» The problem: Using only the entries below, copy exactly the lines that begin at the one with "Inspired by midcentury" and end at the one with "1° giorno, viaggio", both included. Drop the pictures.

» Material provided:
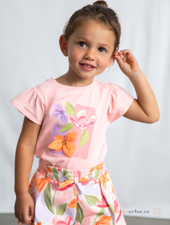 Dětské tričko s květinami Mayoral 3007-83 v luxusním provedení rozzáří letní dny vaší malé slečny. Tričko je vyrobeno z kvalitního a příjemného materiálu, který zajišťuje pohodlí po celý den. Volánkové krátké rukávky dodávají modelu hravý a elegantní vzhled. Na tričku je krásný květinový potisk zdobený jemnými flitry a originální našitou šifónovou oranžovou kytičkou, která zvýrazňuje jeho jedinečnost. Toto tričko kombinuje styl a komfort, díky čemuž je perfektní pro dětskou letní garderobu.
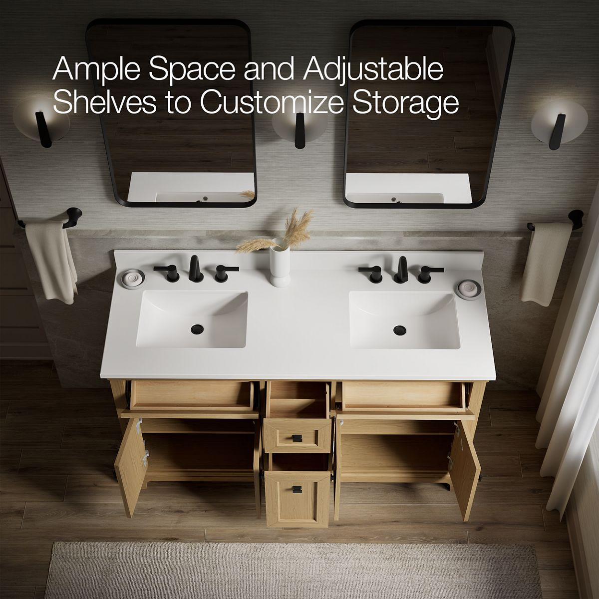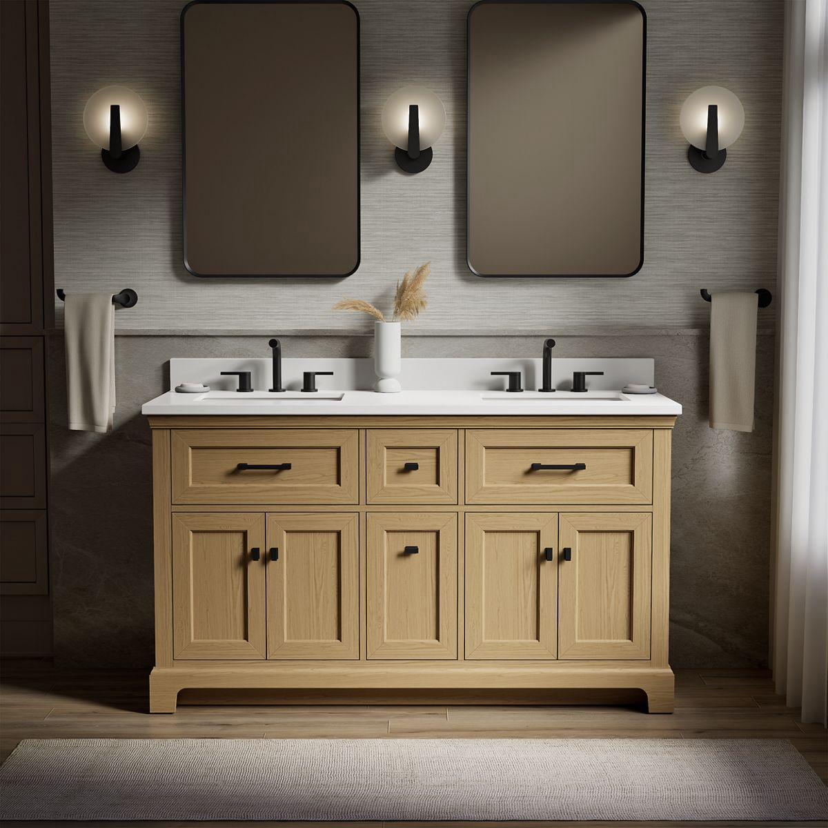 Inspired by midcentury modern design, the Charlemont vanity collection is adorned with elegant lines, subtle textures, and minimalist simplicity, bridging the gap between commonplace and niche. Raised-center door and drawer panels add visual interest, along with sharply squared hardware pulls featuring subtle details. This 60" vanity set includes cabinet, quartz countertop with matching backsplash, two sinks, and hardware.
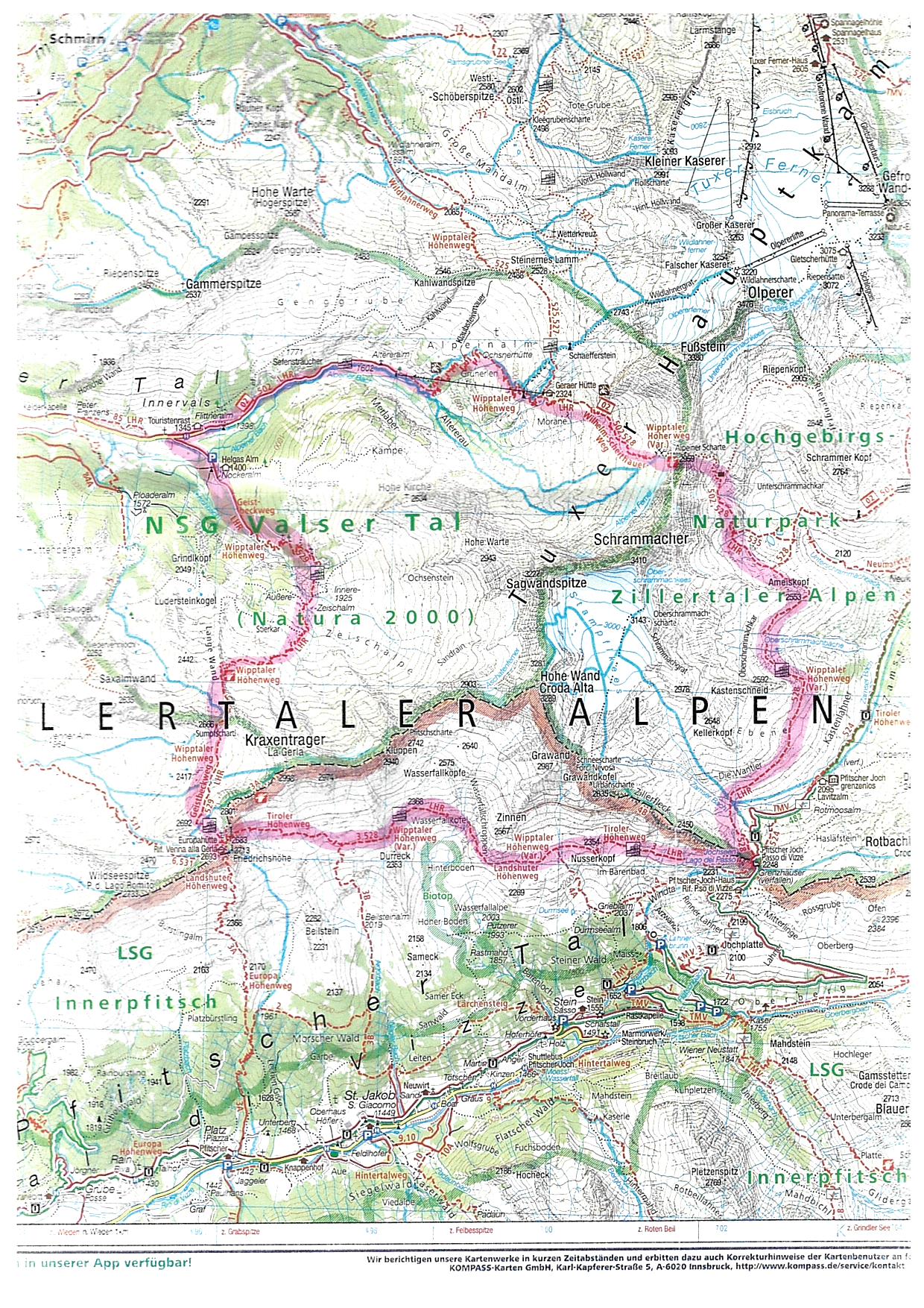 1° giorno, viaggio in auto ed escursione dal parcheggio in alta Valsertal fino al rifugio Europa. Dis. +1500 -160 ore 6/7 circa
==
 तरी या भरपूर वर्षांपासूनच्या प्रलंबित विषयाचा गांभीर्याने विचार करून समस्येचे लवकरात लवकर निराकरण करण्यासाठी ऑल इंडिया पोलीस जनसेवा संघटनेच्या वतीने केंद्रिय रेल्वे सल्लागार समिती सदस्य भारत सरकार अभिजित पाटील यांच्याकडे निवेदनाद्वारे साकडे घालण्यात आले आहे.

» Answer box:
 Inspired by midcentury modern design, the Charlemont vanity collection is adorned with elegant lines, subtle textures, and minimalist simplicity, bridging the gap between commonplace and niche. Raised-center door and drawer panels add visual interest, along with sharply squared hardware pulls featuring subtle details. This 60" vanity set includes cabinet, quartz countertop with matching backsplash, two sinks, and hardware.
 1° giorno, viaggio in auto ed escursione dal parcheggio in alta Valsertal fino al rifugio Europa. Dis. +1500 -160 ore 6/7 circa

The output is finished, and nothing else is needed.